This is a picture of the clip.

You can also see the flaws in my finish. The cracks under the clip, on the curved part.


----------



## chibato (Nov 30, 2007)

Thanks for the photos Ernsanda, almost feels like I am there in person. BTW, what kind of camera did you use?


----------



## ernsanada (Nov 30, 2007)

chibato said:


> Thanks for the photos Ernsanda, almost feels like I am there in person. BTW, what kind of camera did you use?



Nikon D40.

Nikon P5000 for beam shots.


----------



## Federal LG (Nov 30, 2007)

Nice shots! Thanks Ern!

I´ll gonna ask some general questions, that anyone who bought a T1 can answer:

Does it become hot on Turbo Mode ?
Does someone can take a picture holding it (so I can compare with your hand´s size) ?


Thanks!


----------



## ernsanada (Dec 1, 2007)

Warren from LiteMania asked me to see how bright the T1 would be on a Protected 17670.

I had to retake the lux readings on both the 2 RCR123's and the 17670 because the 17670 was getting a higher lux reading. I revised my orginal lux readings on the 2 RCR123's in my first post.

First Waited 2 minutes before I took the readings.

First readings.

Fenix T1 Q5 OP 2 RCR123's - 5730 lux @ 1 meter

Fenix T1 Q5 OP 1 17670 - 6190 lux @ 1 meter

Second readings.

Fenix T1 Q5 OP 2 RCR123's - 5950 lux @ 1 meter. Both RCR123's 4.13V

Fenix T1 Q5 OP 1 17670 - 5970 lux @ 1 meter. 4.29V


The Fenix T1 Q5 OP 1 17670 took 14:12 to go into flicker mode.



If anybody has 2 Protected RCR123's and a Protected 17670 with a light meter I would like to see what kind of readings you got.


----------



## ernsanada (Dec 1, 2007)

The Fenix T1 Q5 OP 1 17670 took 14:12 to go into flicker mode.

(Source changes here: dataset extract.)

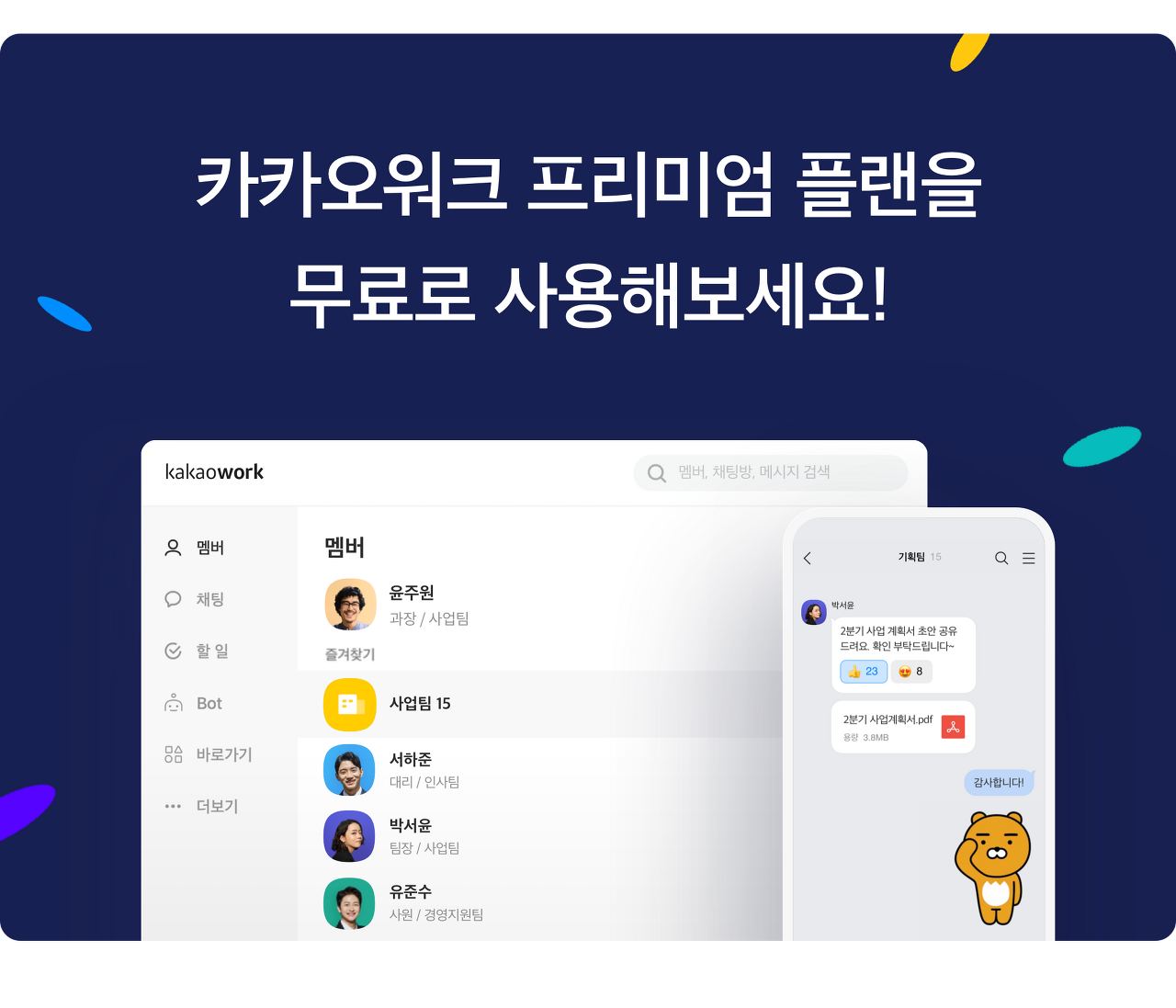 기업용 유료 버전 오픈 전까지 카카오워크 프리미엄 플랜을 무료로 사용할 수 있습니다.

The light got mildly warm.


----------



## Willabbott (Dec 1, 2007)

Nice review... interesting difference between all the Q5's of similar size with similarly sized reflectors.


----------



## wishywashy7 (Dec 1, 2007)

ernsanada said:


> The Fenix T1 Q5 OP 1 17670 took 14:12 to go into flicker mode.
> quote]
> 
> you mean low battery warning right? what about on 2x RCR123's? how long?


----------



## WadeF (Dec 1, 2007)

That Regal light is interesting. It's kinda between a P60 size reflector, and a Tiablo, etc. It really produces a tight hot spot.


----------



## ScubaSnyder (Dec 1, 2007)

I got the T1 today as well, awesome light the only downfall is the clip, its d going to scratch the body over time, but what can you do? Anyway It is a lot bigger than I expected as Wade said. Awesome throw, Ill Have more time to play with this light tomorrow I recommend it so far though.


----------



## ScubaSnyder (Dec 1, 2007)

ernsanada said:


> This is a picture of the clip.
> 
> You can also see the flaws in my finish. The cracks under the clip, on the curved part.

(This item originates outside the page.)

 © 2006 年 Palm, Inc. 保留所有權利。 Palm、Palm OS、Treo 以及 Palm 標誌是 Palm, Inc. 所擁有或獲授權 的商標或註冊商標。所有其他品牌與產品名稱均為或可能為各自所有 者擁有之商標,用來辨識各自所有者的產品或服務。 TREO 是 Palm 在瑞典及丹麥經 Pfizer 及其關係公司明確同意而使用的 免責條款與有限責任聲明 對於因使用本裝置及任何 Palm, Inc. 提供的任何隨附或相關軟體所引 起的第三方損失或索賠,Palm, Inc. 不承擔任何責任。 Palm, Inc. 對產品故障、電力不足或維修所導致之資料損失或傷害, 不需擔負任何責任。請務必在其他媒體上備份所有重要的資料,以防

I also have some marks under the clip, also to the left of my clip there are some blemishes, actually now that I look at that part of the light has all sorts of blemishes, but I don't really care as this light shall be my new Mt. Bike light.


----------



## WadeF (Dec 1, 2007)

ScubaSnyder said:


> but I don't really care as this light shall be my new Mt. Bike light.


 
Won't the T1 double the weight of your bike? 

Seriously though, I bet that it will hold up to whatever you throw at it. Let us know how it holds up.


----------



## Sharpy_swe (Dec 1, 2007)

Great review and pictures


----------



## LEDninja (Dec 1, 2007)

The packaging looks like scissors are required to open it.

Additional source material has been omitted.